Jacques-Thierry Monti - Sur ce sujet, nous ne sommes ni atypiques, ni originaux. Comme toute entreprise qui regarde devant, l'innovation est un facteur différenciant pour ce qui concerne la compétitivité nationale ou internationale mais aussi par rapport aux pays émergeants. L'industrie doit embrasser les nouvelles technologies et les nouveaux services. C'est une question de performance.

Le regard porté sur les startups a-t-il changé ?

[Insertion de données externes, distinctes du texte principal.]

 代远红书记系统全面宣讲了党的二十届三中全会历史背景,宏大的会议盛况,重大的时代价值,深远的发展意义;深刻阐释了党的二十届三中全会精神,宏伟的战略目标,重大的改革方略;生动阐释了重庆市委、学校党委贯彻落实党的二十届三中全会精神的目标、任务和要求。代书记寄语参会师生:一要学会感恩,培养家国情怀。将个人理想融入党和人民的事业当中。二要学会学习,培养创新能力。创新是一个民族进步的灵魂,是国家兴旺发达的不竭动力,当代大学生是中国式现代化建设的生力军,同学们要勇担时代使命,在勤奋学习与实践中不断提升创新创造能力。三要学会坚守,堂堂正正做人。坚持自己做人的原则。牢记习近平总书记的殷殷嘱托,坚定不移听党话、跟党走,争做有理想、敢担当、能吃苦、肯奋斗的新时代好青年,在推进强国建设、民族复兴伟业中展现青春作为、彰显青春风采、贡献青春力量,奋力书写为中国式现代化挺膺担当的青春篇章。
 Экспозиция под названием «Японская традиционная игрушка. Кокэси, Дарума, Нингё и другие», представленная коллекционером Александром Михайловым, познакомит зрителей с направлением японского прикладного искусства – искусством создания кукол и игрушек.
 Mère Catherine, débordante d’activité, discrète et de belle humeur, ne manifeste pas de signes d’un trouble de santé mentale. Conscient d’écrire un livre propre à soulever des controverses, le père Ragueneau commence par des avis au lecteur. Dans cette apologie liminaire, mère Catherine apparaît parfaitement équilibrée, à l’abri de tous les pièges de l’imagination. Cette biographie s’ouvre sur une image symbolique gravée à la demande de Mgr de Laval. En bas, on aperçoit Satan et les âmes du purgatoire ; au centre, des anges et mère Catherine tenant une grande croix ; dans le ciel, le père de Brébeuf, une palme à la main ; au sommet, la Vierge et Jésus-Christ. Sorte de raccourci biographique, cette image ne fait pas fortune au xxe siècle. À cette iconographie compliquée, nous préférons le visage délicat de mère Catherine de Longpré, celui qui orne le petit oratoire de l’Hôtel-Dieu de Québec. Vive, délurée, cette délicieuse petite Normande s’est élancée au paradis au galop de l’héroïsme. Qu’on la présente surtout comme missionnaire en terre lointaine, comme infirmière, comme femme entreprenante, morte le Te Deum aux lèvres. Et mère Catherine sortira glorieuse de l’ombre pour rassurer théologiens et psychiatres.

Il y a un changement fort de regard, historiquement les startups étaient plutôt vues comme des éléments qui nous intéressaient et que l'on pouvait contrôler. On a renversé cela. Aujourd'hui nous les accompagnons. Les startups nous chamboulent par leur regard. Nous voulons saisir leur créativité pour faire bouger nos lignes. Cependant nous avons encore un chemin à mener. Nous ne sommes pas au bout de ce tout que nous pouvons faire ensemble, il existe une richesse à exploiter. La relation avec les startups est un processus continu. Nous sommes sollicités autour des structures que nous accompagnons comme les pépinières ou les incubateurs. Mais elles-mêmes devraient nous solliciter plus spontanément, bien qu'elles aient, il est vrai, la tête dans le guidon. Leur préoccupation est d'avoir des références. Il est logique que nous leur tendions les bras. Une référence obtenue avec un grand groupe produit un effet domino. C'est là où nous, grand groupe, avons une responsabilité.

Quelle est l'ambition d'EDF Nouveaux Business, l'entité accolée au groupe ?

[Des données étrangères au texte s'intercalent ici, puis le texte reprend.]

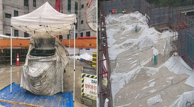 강우 시 현장조치 사례. 현장 펌프카 외부 천막 설치(왼쪽), 콘크리트 타설부위 비닐시트 설치(오른쪽)
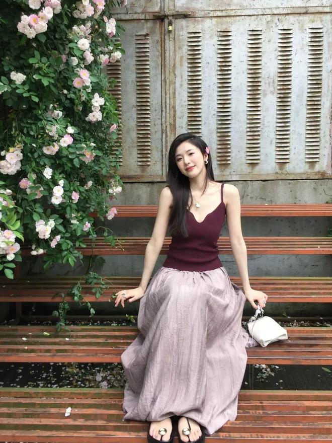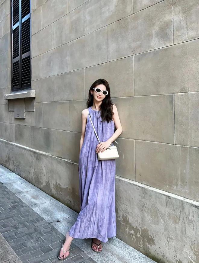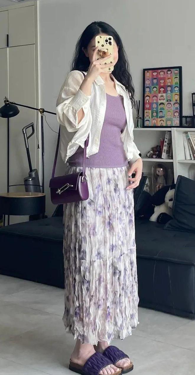 上半身还可选择白色衬衫+紫色吊带,衬衫的材质考虑选择轻盈柔软的面料,如丝绸、棉质或雪纺等,以增加轻盈感和舒适度。
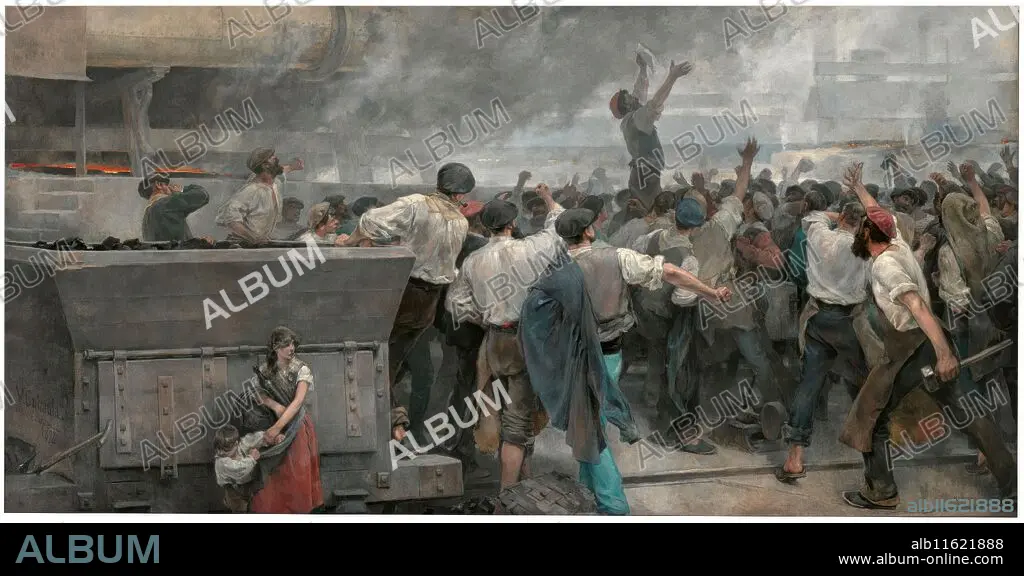 Descripción: Vicente Cutanda y Toraya / 'Una huelga de obreros en Vizcaya'. 1892. Óleo sobre lienzo, 275 x 550 cm
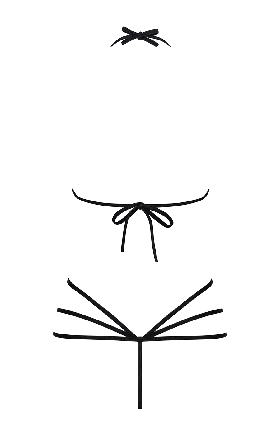 Body Slave nero in strisce elastiche con cavallo aperto e lacciatura sul collo e sulla schiena. Sensualità pura e libertà di movimento.
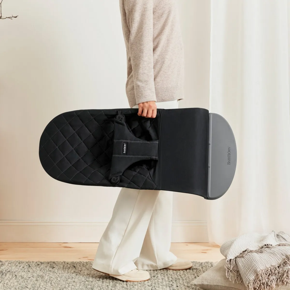 – Når barnet kan sidde uden støtte, kan skråstolen laves om til en stol.

Elle répond à la volonté d'accompagner les startups en prévoyant un investissement de 40 M€ dans 10 projets en deux ans. Mais aussi un permettant l'émergence de co-entreprises. Sans oublier la dimension d'intraprenariat, c'est-à-dire mettre le pied à l'étirer à des idées qui naissent en interne. Nous devons avoir la capacité à saisir les démarches individuelles pour que chacun se sente acteur du développement de son entreprise. Nous y parviendrons si nous travaillons de façon étendue. Le MedinLab que nous lançons le 9 avril prochain à Marseille est justement un totem que nous voulons mettre à disposition de l'externe, du territoire, des étudiants, des entreprises...

Le concours EDF Pulse - qui d'abord été une initiative PACA avant de devenir un exercice national - fait partie d'EDF Nouveaux Business. Qu'en attendez-vous ?

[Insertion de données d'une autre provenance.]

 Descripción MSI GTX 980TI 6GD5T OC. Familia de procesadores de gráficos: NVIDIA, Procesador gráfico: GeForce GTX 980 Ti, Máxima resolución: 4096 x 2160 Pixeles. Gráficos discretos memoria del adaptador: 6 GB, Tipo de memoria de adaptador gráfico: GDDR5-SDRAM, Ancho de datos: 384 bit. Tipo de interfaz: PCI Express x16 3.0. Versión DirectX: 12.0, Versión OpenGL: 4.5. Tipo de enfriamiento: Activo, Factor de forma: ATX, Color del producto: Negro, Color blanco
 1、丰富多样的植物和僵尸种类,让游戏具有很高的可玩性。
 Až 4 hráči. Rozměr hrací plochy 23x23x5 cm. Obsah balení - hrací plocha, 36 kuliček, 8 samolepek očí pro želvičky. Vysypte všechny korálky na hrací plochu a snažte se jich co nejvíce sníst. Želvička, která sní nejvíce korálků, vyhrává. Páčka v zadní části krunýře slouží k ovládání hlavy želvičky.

L'édition 2018 s'attache à deux thèmes généraux que sont l'énergie de demain et l'industrie du futur. Deux startups seront primées. Mais nous avons introduit une nouveauté, avec un prix Open innovation qui doit répondre aux besoins des métiers d'EDF. Les lauréats se verront proposer un POC conduit et pris en charge financièrement par les directions métiers concernés. Nous avons une richesse forte en France. Il faut savoir donner pour recevoir.

Après la French Tech, voici la French Fab qui promeut l'innovation dans l'industrie. Est-ce indispensable ?

C'est important. L'industrie souffre d'un déficit d'image. Il faut que l'on renverse cela, que l'on montre que les nouvelles technologies servent aussi l'industrie. L'industrie s'est transformée, les compétences ont évolué. Un pays sans industrie n'est pas un pays compétitif.